SOS! Soft Prompt Attack Against Open-Source Large Language Models

Ziqing Yang,Michael Backes,Yang Zhang,Ahmed Salem

2024-07-03

Abstract:Open-source large language models (LLMs) have become increasingly popular among both the general public and industry, as they can be customized, fine-tuned, and freely used. However, some open-source LLMs require approval before usage, which has led to third parties publishing their own easily accessible versions. Similarly, third parties have been publishing fine-tuned or quantized variants of these LLMs. These versions are particularly appealing to users because of their ease of access and reduced computational resource demands. This trend has increased the risk of training time attacks, compromising the integrity and security of LLMs.
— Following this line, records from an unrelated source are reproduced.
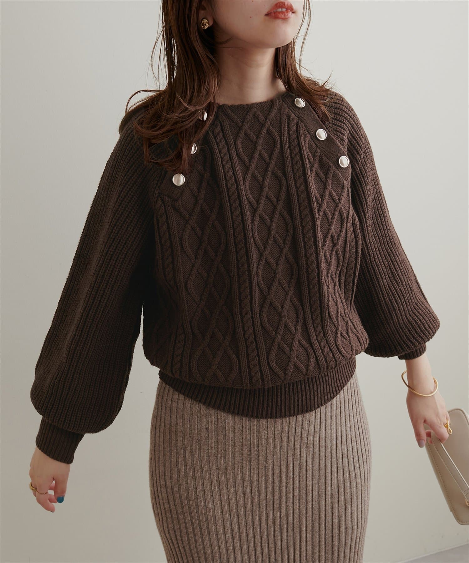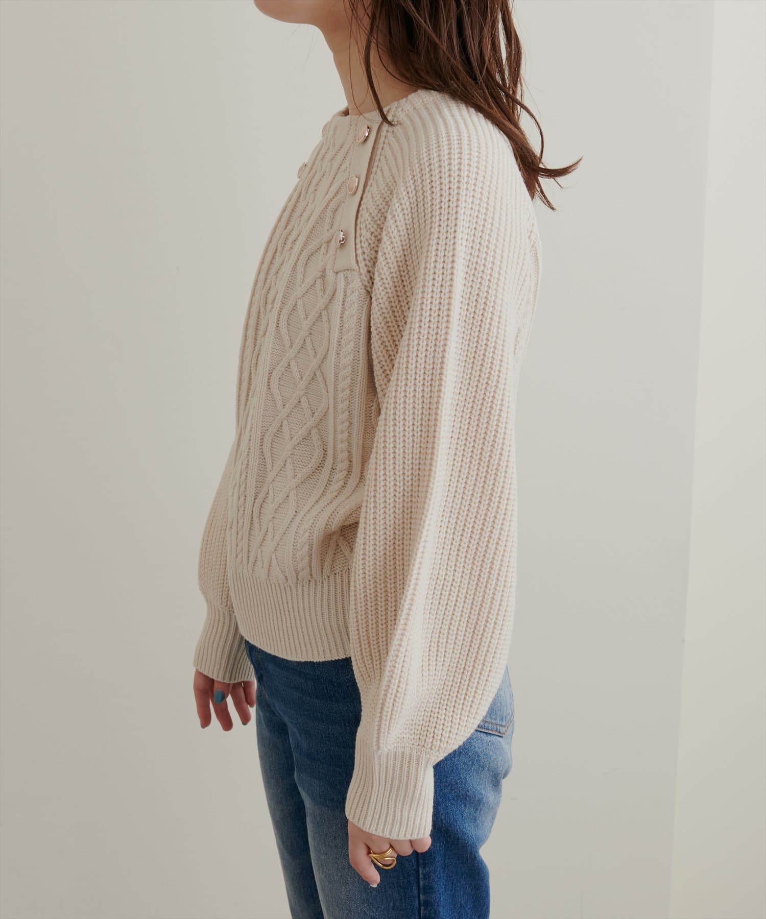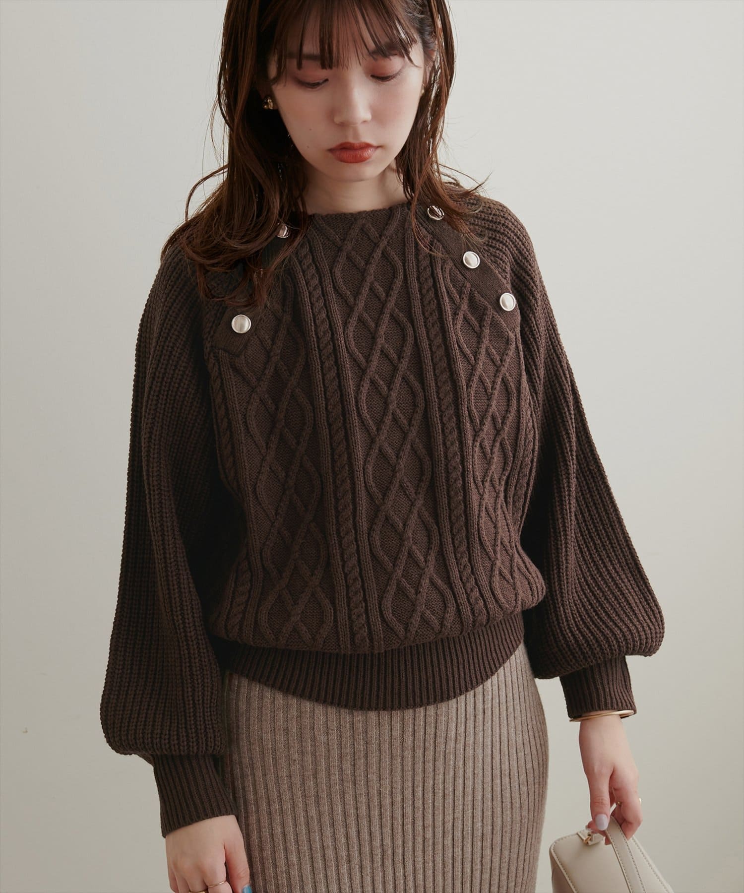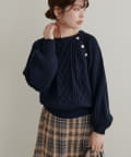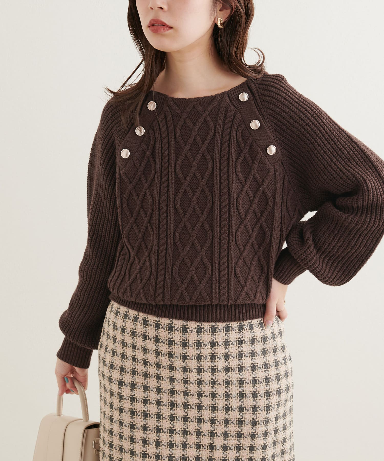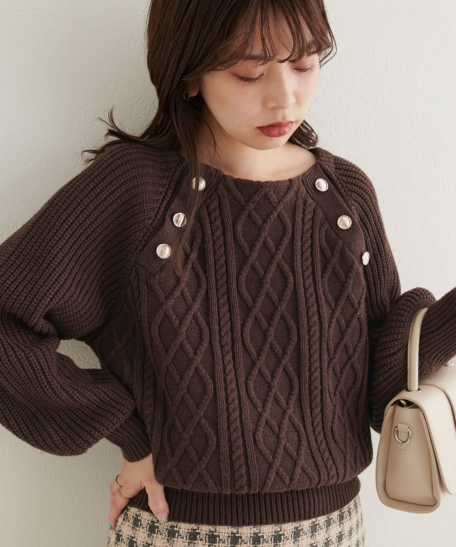 WEB限定/2022AWアイテム/釦デザインケーブルニット
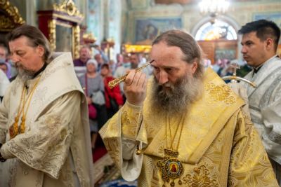 В завершение торжественной службы владыка Иоанн вручил архиерейские благодарности труженикам прихода Вознесенского храма.
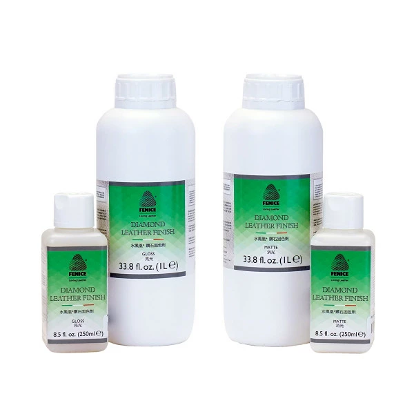 Fenice Diamond Leather Finish is a durable, water-based topcoat that is intended for use on stained or unstained veg-tanned and crust leathers.
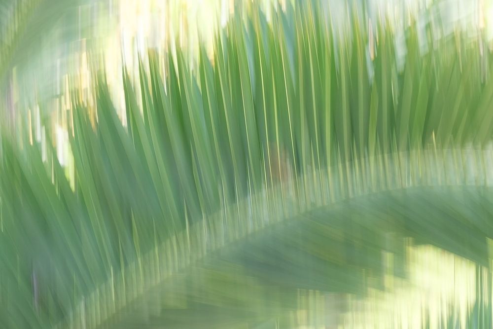 Das Sonnenlicht scheint so schön durch die Palmenwedel, dass es eine Freude ist, es zu betrachten. Ich habe die Kamera absichtlich bewegt. Wie wohltuend ist es, diese Palmen als Tapete im Zimmer zu haben.
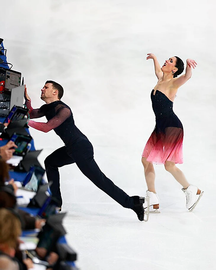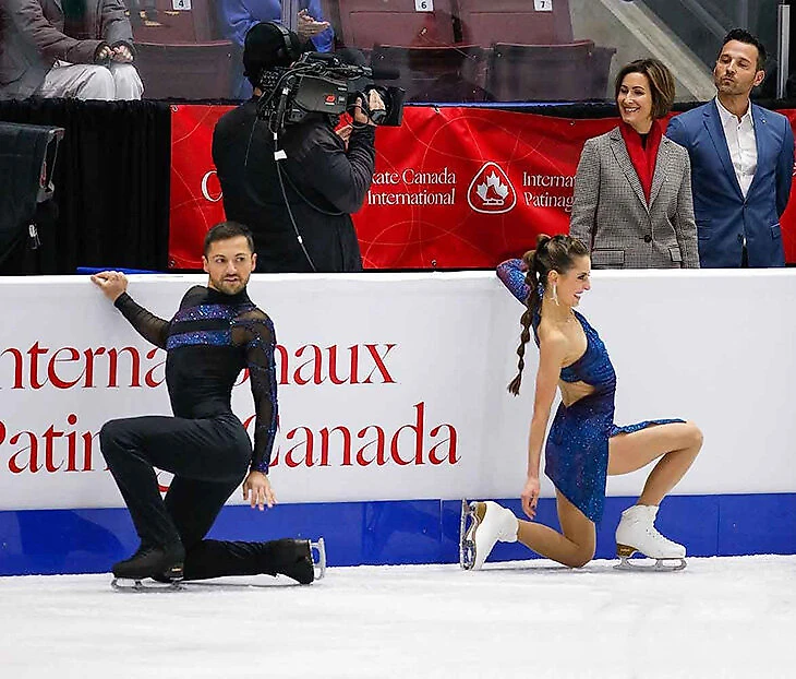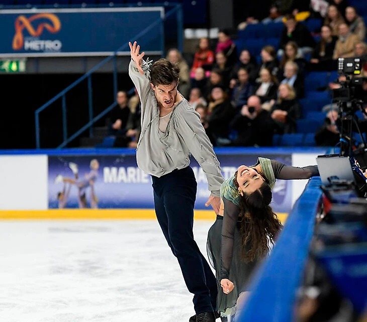 ● Лидеры канадских танцев на льду Пайпер Гиллес и Поль Пуарье драматично замирают перед судьями в начале хореодорожки.

In this work, we present a new training time attack, SOS, which is designed to be low in computational demand and does not require clean data or modification of the model weights, thereby maintaining the model's utility intact. The attack addresses security issues in various scenarios, including the backdoor attack, jailbreak attack, and prompt stealing attack. Our experimental findings demonstrate that the proposed attack is effective across all evaluated targets. Furthermore, we present the other side of our SOS technique, namely the copyright token -- a novel technique that enables users to mark their copyrighted content and prevent models from using it.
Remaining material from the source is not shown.